Os estudos realizados no âmbito da ND têm observado que as práticas realizadas na clínica vinculada à área da saúde, voltada para o cumprimento dos protocolos envolvidos nos testes psicométricos padronizados, e também na escola, pela habitualidade do professor com o trabalho pautado em exercícios mecânicos e atividades que priorizam a metalinguagem, têm, de fato, distanciado tais profissionais do que seria a mais importante finalidade de seus ofícios. Preocupados com o déficit e com o que não corresponde ao padrão de normalidade esperado, tais profissionais deixam de procurar e de ler “indícios de possibilidades” de aprendizados (Padilha, 1997) e não se propõe a intervir nas dificuldades apresentadas pelo sujeito, atribuindo ao seu corpo - pela vinculação da dificuldade a uma patologia - a responsabilidade pela impossibilidade de seu aprendizado.

Essa discussão é relevante, sobretudo, no que toca a fragilidade da instituição escolar brasileira assolada por sucessivos períodos marcados por políticas públicas que têm contribuído para o seu desprestígio e desqualificação. A escola, sem saber como lidar com as dificuldades escolares e com os processos de subjetivação do sujeito, tem permitido a apropriação e a deturpação pela área da medicina do que seria, fundamentalmente, do campo da educação. Os professores, ao encaminharem os alunos com dificuldades escolares para os profissionais da área da saúde, se destituem do que seria a sua principal atribuição: a aprendizagem e a construção do conhecimento.

À luz da ND e através da metodologia qualitativa do dado-achado, a intervenção de orientação discursiva do investigador nos acompanhamentos longitudinais realizados tem favorecido um posicionamento diferenciado do sujeito frente ao outro, a aprendizagem, ao mundo e ao seu futuro.

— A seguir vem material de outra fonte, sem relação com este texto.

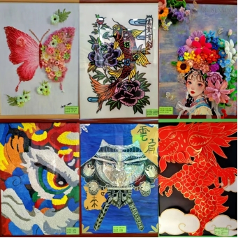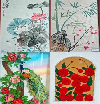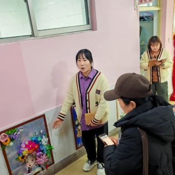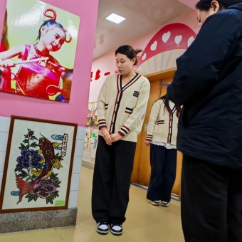 展示现场,幼儿教师们逐一围绕自己的艺术作品从创造思路、主题表现、材料运用、寓意内涵等展开详细介绍。每件作品都凝聚着教师们的巧思和妙手,这些作品不乏有非遗文化艺术民俗、渲染、水墨、刻纸、剪纸、材料对比、视觉冲击等多方面的展示兼具爱国主义教育及艺术美、趣味性与教育性,它们置于幼儿园公共空间,或走廊墙壁、或楼梯拐角处,不仅宣传了自己独一无二的美术作品更是亲手装饰了幼儿园的室内环境,无形之中与幼儿园融为一体,体现教师团队的专业素养,通过欣赏作品也提高了家长们的美术鉴赏力,可谓一物多得,寓意深远。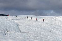 Een wandeling over het gletsjerijs van de Root gletsjer in Alaska. Mensen lopen met speciale overschoenen op het oude ijs.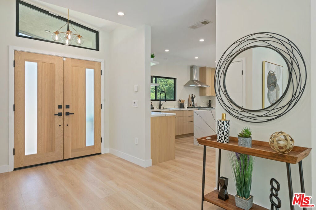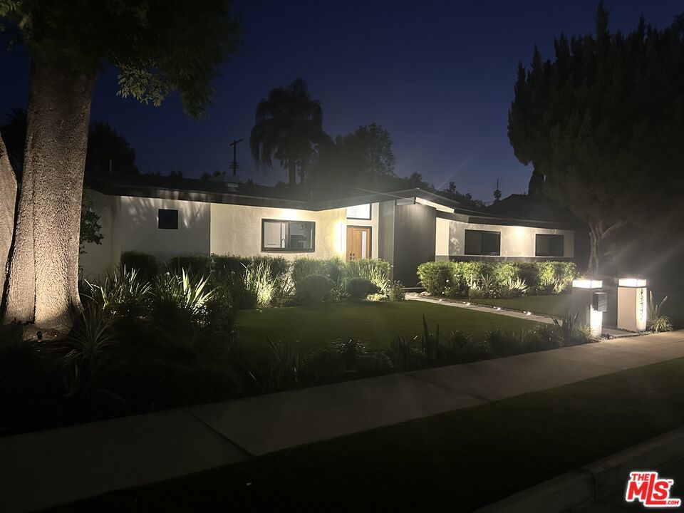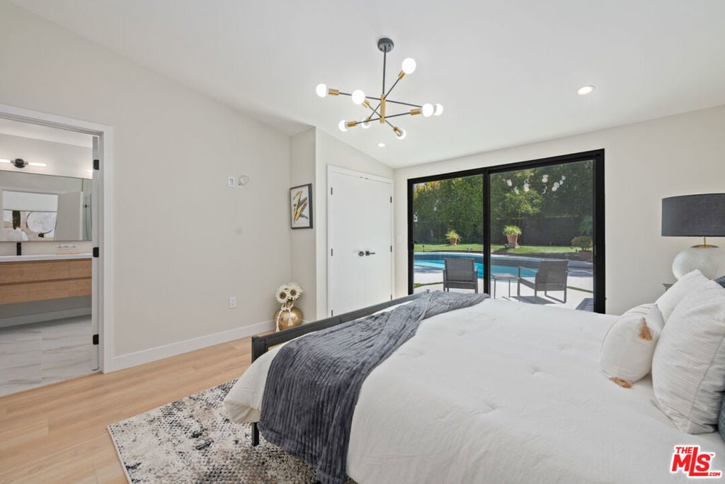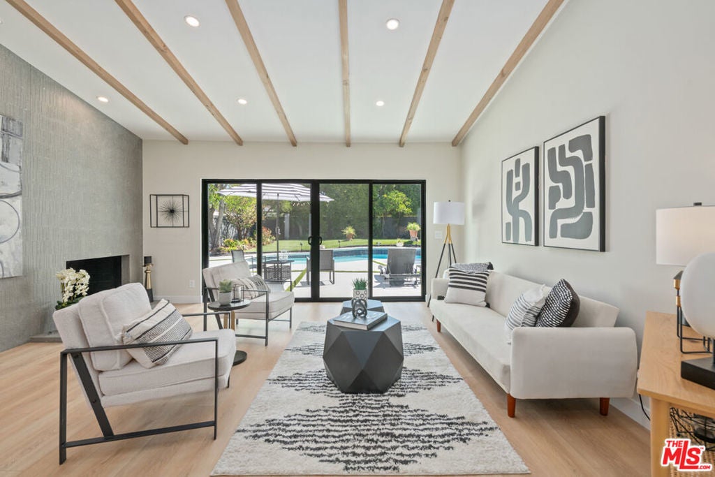 Welcome to an exquisite residence nestled in the prestigious Walnut Acres area of Woodland Hills, CA, on the quiet part of Burbank Boulevard. This Charles du Bois-design home embodies elegance and modern sophistication, offering a harmonious blend of mid-century charm and contemporary upgrades. Award-winning schools and walking distance to El Camino Real Charter High School. Step inside to discover a meticulously modernized and renovated interior, featuring a spacious 2,195 square-foot layout. The home provides three elegantly appointed bedrooms and three luxurious bathrooms. The heart of the home is the chef's kitchen, showcasing quartz counters, a magnificent center island, and a 36" Thor gas range. Stainless steel appliances and a walk-in pantry complete this culinary haven, while a wet bar with a wine fridge and a glass-enclosed wine closet caters to the most discerning entertainers. Experience the seamless flow of the living spaces, which include a formal dining room. Dual fireplaces elegantly serve both the living room and family room, which open onto the sprawling backyard, inviting you to a serene outdoor retreat where a sparkling new pool/spa with new pool equipment awaits, surrounded by lush landscaping and dazzling landscape lighting.The primary suite is a sanctuary of its own, with access to the beautiful backyard and pool, complete with an abundance of closet space and a beautifully designed en-suite bath with dual sinks, a separate soaking tub, shower and water closet. Smart home features include a Nest thermostat, a Ring doorbell, and a comprehensive security system with cameras that ensure peace of mind. A brand new roof, new Milgard double-pane windows and sliders and fully paid-for solar panels underscore the home's commitment to efficiency and sustainability. Other features include a full indoor laundry room (which could also serve as an office), an oversized two-car garage that offers additional storage or workshop space, complemented by a gated driveway that accommodates four additional cars for off-street parking. Proximity to Calabasas for shopping and fine dining. A must-see for discerning buyers looking for a home that has it all!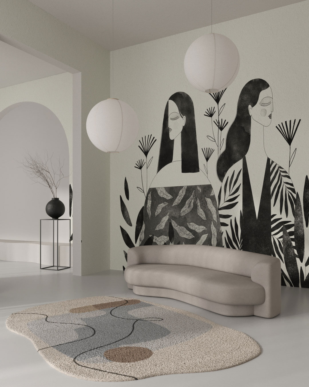 Papier peint silhouettes féminines botaniques minimalistes

Não se quer dizer, contudo, que os caminhos percorridos por esses sujeitos sejam lineares e livres de obstáculos, de impasses e de contrariedades. Também não se nega que haja patologias de fato, mas a discussão proposta neste artigo argumenta contra o excesso de patologização e sua banalização nos dias atuais (Coudry, 2007) e enfatiza a possibilidade do enfrentamento e da superação das dificuldades escolares apresentadas por crianças e jovens através do respeito aos modos particulares de aprender e de significar desses sujeitos, uma vez que o que está em jogo são as consequências não somente na vida escolar, mas também na vida profissional e na vida afetiva.